The thoughtful paper by Weiss and colleagues highlights many of the important clinical and translational science advances of the past 2 decades that have shaped our knowledge and management approaches to non-small-cell lung cancer (NSCLC). The authors have chosen their topics of discussion carefully and have been cautious not to "overreach" in their assessment of realized gains vs persisting challenges. The acknowledgement that a trimodality approach in stage IIIA disease "cannot be recommended as standard" and the assessment that "the best [multimodality therapy approaches] in [stage IIIB disease] ... continue to be explored" are fair presentations of the current state of the art.
Several other issues might have been chosen for greater emphasis, but space is always the enemy of the engaged author. As a commentator, I will briefly discuss a few additional topics that may add modestly to the scope of the Weiss manuscript.
Lung Cancer in Women
As the authors note early in their paper, the American epidemic of lung cancer is driven in larger measure than ever before by new diagnoses in women. While the overwhelming etiologic agent in both women and men remains the self-administered, inhaled carcinogens of tobacco smoke, the resulting disease in women is different in many ways. The histology is more often adenocarcinoma, the age of onset is earlier, the frequency of "never smokers" (though not necessarily smoke-unexposed given the prevalence of secondhand smoke) is higher, and EGFR mutation frequency is increased.
Moreover, emerging evidence suggests that sensitivity to carcinogens is different in women than in men. The CYP1A1 gene product is associated with activation of inhaled procarcinogens. CYP1A1 gene expression in lung tissue is greater in female than in male smokers. At the same time, the absence of carcinogen-detoxifying enzymes such as GSTM1 may have greater effects in lung tissue in women.
As noted by Patel, "It is incumbent upon us to have a better understanding of the genetic, metabolic, and hormonal factors that affect the way women react to carcinogens and lung cancer. This information could affect the way patients who smoke are screened and evaluated as well as the way smoking cessation and lung cancer prevention programs are directed."
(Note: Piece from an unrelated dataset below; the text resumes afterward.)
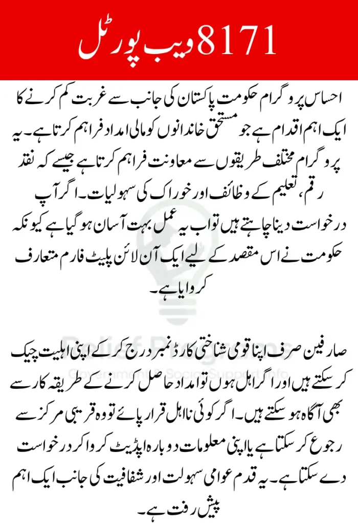 | Portal Name | Ehsaas Program 8171 Web Portal |

Endoesophageal/Endobronchial Ultrasound-Guided Staging
In their discussion of staging, the authors focus on the role of imaging and mediastinoscopy in the determination of operability. They also allude to the potential of video-assisted thoracic surgery (VATS) to reach additional lymph node stations. However, they fail to discuss two effective nonsurgical staging strategies—endoscopic (endoesophageal) ultrasound (EUS) with guided fine-needle aspiration (FNA) and endobronchial ultrasound (EBUS) with guided transbronchial FNA. These techniques have clear efficacy in assessing the extent of intrathoracic spread of lung cancer. Endoscopic ultrasound has been available for nearly 2 decades and is a staple of evaluation for esophageal, gastric, and pancreatic disease. For a variety of reasons, it is less widely applied to the evaluation of patients with lung cancer. EBUS has a substantially shorter track record but is increasingly practiced by interventional pulmonologists.
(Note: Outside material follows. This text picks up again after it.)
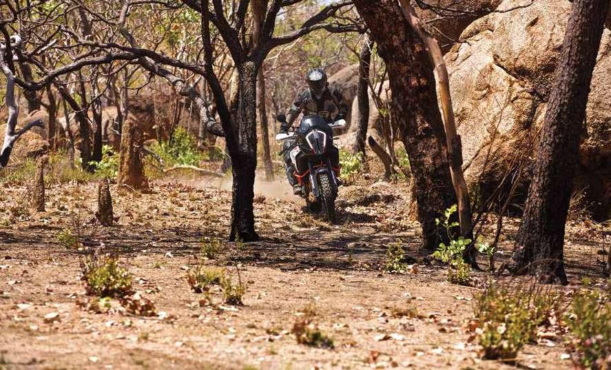 much with that kind of detail on this ride. Miles Davis made it look easy in his demo, but there was a lot we wanted to get through, so we took his word for it. Dynamic Pro did the bizzo chasing the pack along the asphalt and Enduro Pro gave us all the latitude we needed to get the most from the incredibly smooth donk. Switching to Enduro Pro via the press of a button – there’s no need to remove the seat to switch plugs as was the case previously – meant there’s no ABS on the rear and the front allowed some very aggressive braking. Maybe even a little locking – we can’t be sure about that, but that’s how it felt – and the rear wheel stepped out with the throttle open in the nicest possible way without any nasty surprises. Enduro Pro made us feel like real off-road riders.

Both EUS and EBUS can be done in the outpatient setting using conscious sedation and offer increased accuracy over computed tomography (CT) and positron-emission tomography (PET). They each substantially increase the number of potentially sampled lymph node stations compared to cervical mediastinoscopy alone (ie, EUS enables sampling of nodal stations 5, 7, 8, 9; EBUS facilitates sampling of both right- and left-sided nodal stations 2, 4, 10, and 11, as well as level 7). In experienced hands, EUS can also be used to biopsy suspicious left adrenal masses, pericardial and left-sided pleural fluid, and even selected accessible liver lesions (B. Hoffman, personal communication).